Bagaimana jika di-compare antara menikmati nafas dan kopi karena saya sudah bisa merasakan nikmat sekali menjalankan teknik itu?
Jawaban SHD
Di sana ada dua hal, yakni (1) Anda tahu tekniknya, tahu caranya dan (2) Anda menghayati proses demi proses. Sama dengan meditasi juga, Anda tahu tekniknya kemudian dijalani penuh dengan penghayatan, proses demi proses.
Proses meditasi itu, di antaranya,
- Kalau meditasi formal, pastikan badan Anda nyaman, rileks. Kalau susah duduk, silakan bersandar. Pokoknya pilih yang paling nyaman.

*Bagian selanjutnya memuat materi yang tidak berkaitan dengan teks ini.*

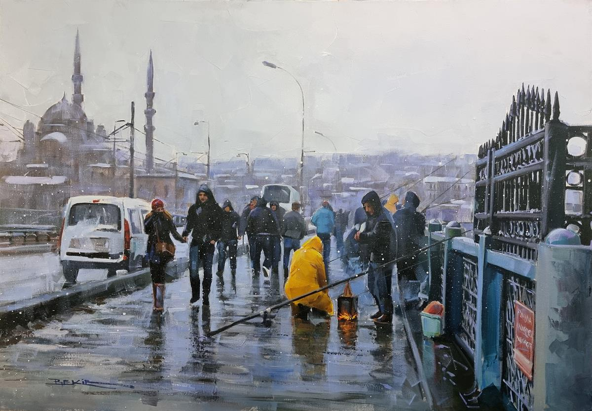 Bekir Üstün - Köprüde Balıkçılar (Tuval Üzerine Yağlı Boya)
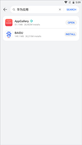譬如用户就想下载AppGallery时,在上面搜索华为应用市场时就会出现这个国际版了,同时还可以看到百度也有其国际版app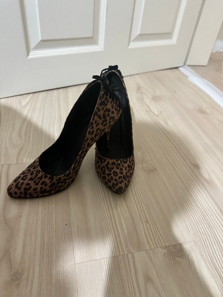 Kahverengi süet stilettolar, leopar desenli ve kürk detaylı, cesur ve çağdaş tarzı ile romantik akşamlar için uygun.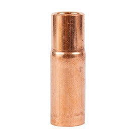Tweco® 23 Series Self Insulated Nozzle with is designed for standard gas diffuser and the nozzle strings into the conductor tube assembly. Is used in heavy-duty welding applications for up to 450 A. It features part number rolled stamped on the outer surface for easy identification. Nozzle with 9/16"-18 UNC-2B thread size that is used where longer electrical stick-out is needed or when the nozzle touches the work place is made of 122 DHP copper alloy. It has a 3-piece design that includes a nozzle housing that is cut and formed from copper alloy tubing, a nozzle insert machined from a solid brass and nozzle insulator constructed of silicone material. It has nozzle insert that allows machining of internal threads in order to match the conductor tube OD threads. Nozzle offers electrical insulation required from the gas diffuser using the nozzle insulator and is sold as 2 per pack.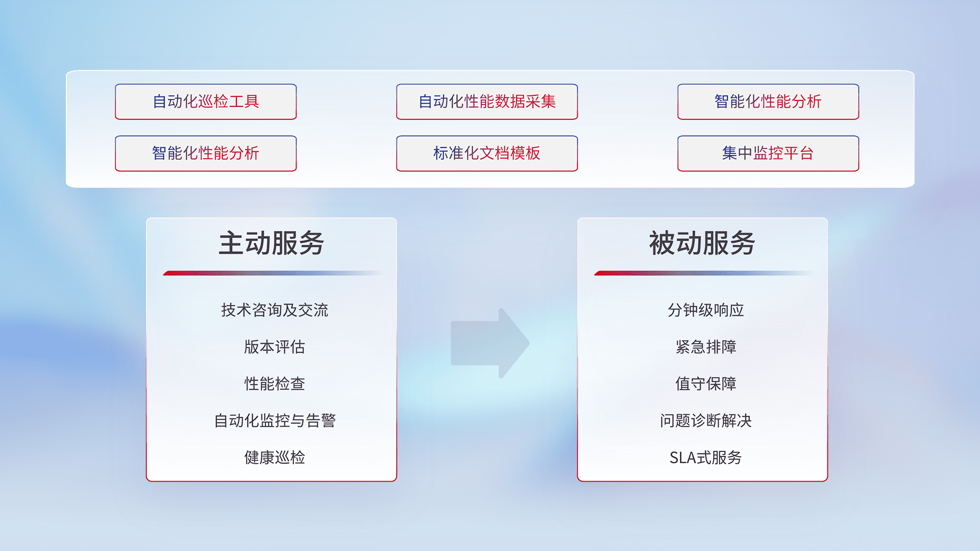 智能化工具和标准化文档,,,,保障服务质量,,提供主动服务(包含技术咨询、、版本评估、、、性能检查、、、自动化监控与告警、、健康巡检)和被动服务包含(分钟级响应、、、紧急排障、、、、值守保障、、、、问题诊断解决、、SLA服务)。。。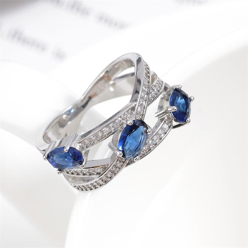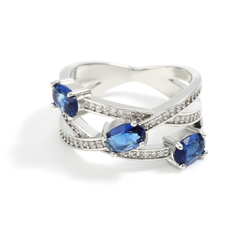Anillo Cruzado de Doble Capa Lujo Ligero Europeo y Americano Industria Pesada Anillo de Dedo Moda para Mujer Lujo Ligero Personalizado Anillo de Gema Nuevo Nicho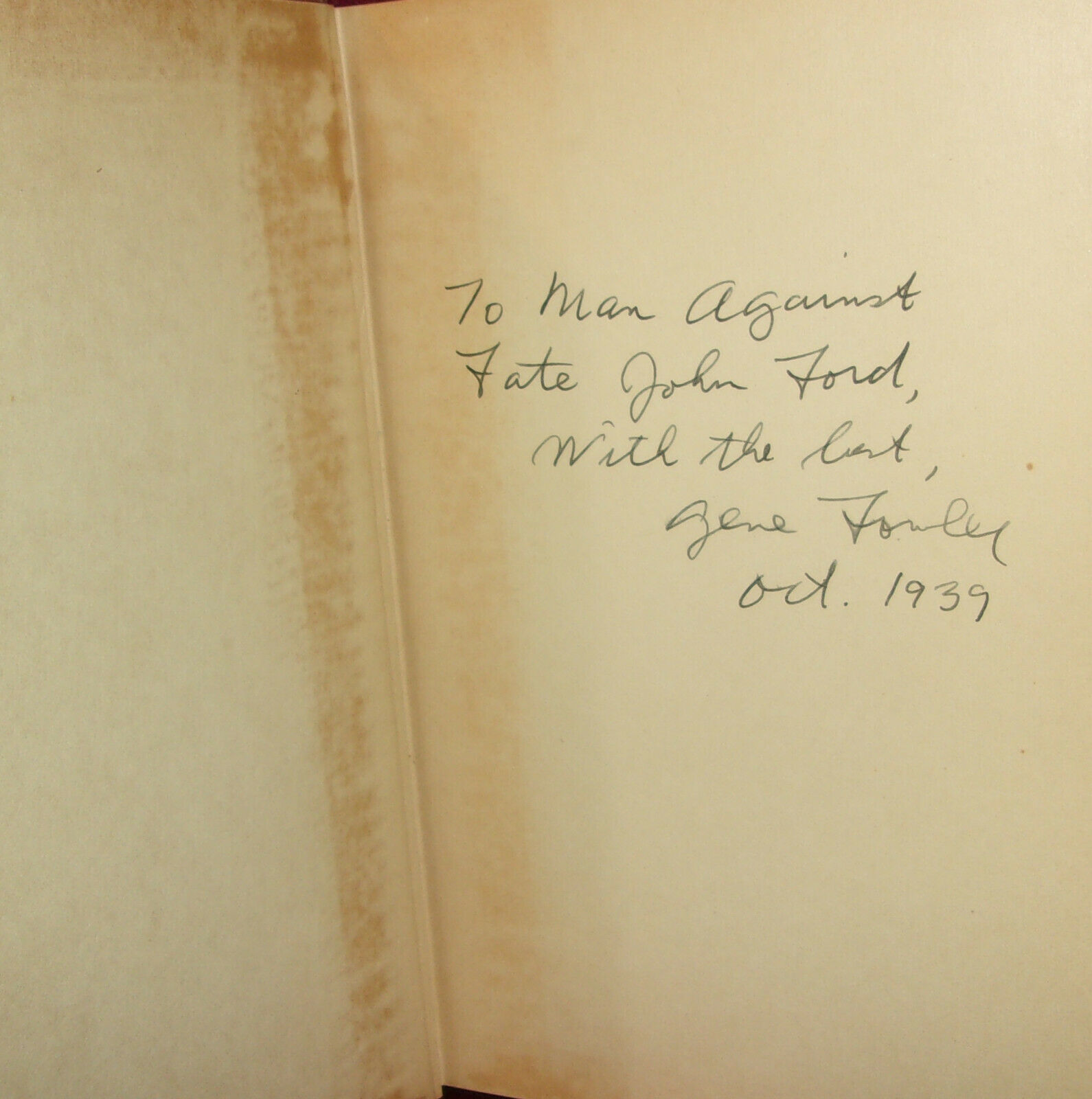 Director John Ford's copy with a gift inscription SIGNED by Gene Fowler: "To Man Against Fate John Ford, With the best, Gene Fowler/Oct. 1939." The book was published in October 1939.

- Bawa pikiran ini untuk memperhatikan nafas. Cuma begitu, betul betul rasakan saat kita menarik nafas dari hidung masuk ke dalam dada, dihembuskan kembali. Ketika kita tidak memikirkan yang lain, hanya itu, kita pasti bisa menikmati.
Misalnya, Anda bikin kopi, sambil minum kopi mikirin yang lain, bisa nggak menikmati? Nggak bisa, ‘kan. Ya, sama saja, meditasi juga. Kalau prosedurnya dijalankan, pasti hasilnya pasti oke.
Ada yang bilang, “Tapi, ‘kan saya bisa diserang DF”. Misalnya, lagi duduk tiba-tiba muncul “tuing” sakit. Kalau pun itu terjadi yaitu diatasi di dalam keheningan juga. Jadi ketika Anda hening, Anda merasakan kasih Gusti yang nyata, merasakan kuasa Gusti, diniatkan, “Gusti biarlah rasa sakit ini akibat serangan DF (Dark Force) itu bisa diselaraskan, bisa disembuhkan dengan kuasa dan kasihMu”, terus pasrah.
Pasrah itu artinya apa? Ketika bekerja kekuatan itu dan masih ada rasa sakit, ya sudah, diterima. Analoginya, kalau Anda punya luka fisik, msalnya terkena paku. Bisa nggak Anda ngoyo (memaksa)? “Cepet sembuh, cepat sembuh” ‘kan nggak bisa. Yang Anda lakukan itu hanya dibersihkan, dikasih betadine, rasa perihnya dirasakan, ya sudah, diterima. Ya sudah, lama-lama juga berhenti rasa sakitnya. Kayak begitu, loh.
Jadi, kalau Anda kena apa-apa itu nggak usah heboh. Orang jatuh, ya diobati. Ini diobatinya dengan kasih murni. Sambil menunggu sembuh, ya sabar, nggak bisa ujug-ujug (tiba-tiba sembuh). Bahkan, kalau Anda minta bantuan saya, saya juga nggak bisa ujug-ujug juga, langsung sulap sembuh, nggak bisa. Karena semua orang harus belajar termasuk mengatasi rasa sakit itu dan bisa menerima itu sampai rasa sakit itu bisa hilang sendiri. Sama juga, begitu sakit hati ‘kan di awal-awal, nanti lama-lama ‘kan hilang juga. Ya sudah, begitu saja dibuat repot.